The down side is my car insurance rates are going up now that I no longer have that multi-car discount going on. (I tried but he would not accept my bicycle as a second vehicle.) The rates are going up about $14 a month, but naturally I found a way to get around that and drop it down to a smaller increase of $6. How you ask? Simple. I am not paying monthly.

Each week I have a small amount auto transfered out of my checking account into my "insurance holding tank." Basically, my bank lets me divide out little accounts for various things - so, I added up my car and life insurance bills, divided them by 52, and set it up so that when the bills hit, I have the funds.
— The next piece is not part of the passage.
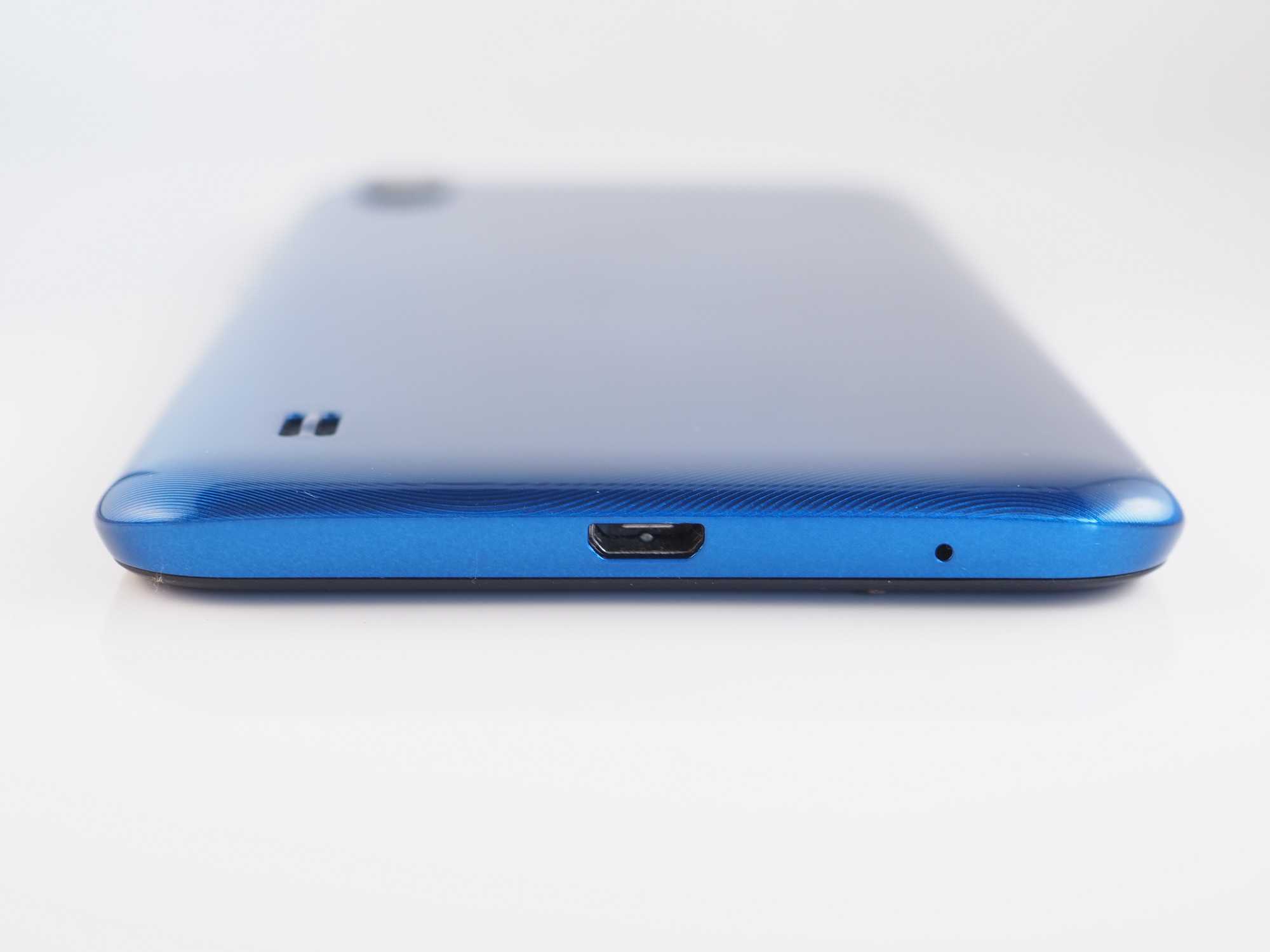 Задняя панель выполнена из глянцевого пластика синего цвета с текстурированным рисунком. Также ZTE Blade A5 2020 доступен в черном и зеленом цвете. На задней панели расположился блок из сдвоенной камеры со вспышкой и прорезь основного динамика. Задняя грань скругленная, за счет чего основной динамик хорошо слышно, даже если смартфон лежит на задней панели. ZTE Blade A5 2020 достаточно компактный смартфон, и он отлично лежит в ладони — не выскальзывает и не вызывает трудностей в управлении одной рукой. Но стоит заметить, что пластик задней панели достаточно маркий, и, если на синем цвете отпечатки пальцев не бросаются в глаза, то черный цвет не такой практичный, и на нем любой мусор и следы рук будут отчетливо выражены.

It is nice - I hate unexpected bills. Somehow my life insurance bill always snuck up on me.

So anyway... the ex and I were still sharing car insurance and he liked to pay monthly. However, I'm not going to do that. I am going to pay 6 months all in one lump sum. It is going to have to come out of savings of course, because I wasn't prepared to do this. But I have a plan! I am just going to continue my insurance payments... except rather them going to the insurance company - they will be going back to me! Basically, I am loaning myself the money and paying myself back. (At the same time I am going to move things around a little so I am better prepared 6 months from now.)

I am also working on the life insurance policy. I have a universal life policy.* I have a bit of cash value in it, but am still in the penalty period if I surrender it. I don't want to do that right now unless I have to. Instead I am going to drop my payments down for a year, but keep the policy in force. In a year when I have a better handle on things I can reevaluate what I want to do - kick it back up or what have you. I think this will work well for me - I will remain insured, but I continue to have flexibility.

I'll write more about the final details once my brother in law and I get together to hash them out.

(There now, wasn't that fun?)




*Insurance people - yes, I know all about Term Life. I was licensed in Life, Health and P&C once upon a time. This is the best fit for me right now for a bunch of reasons - but we'll leave that for another post.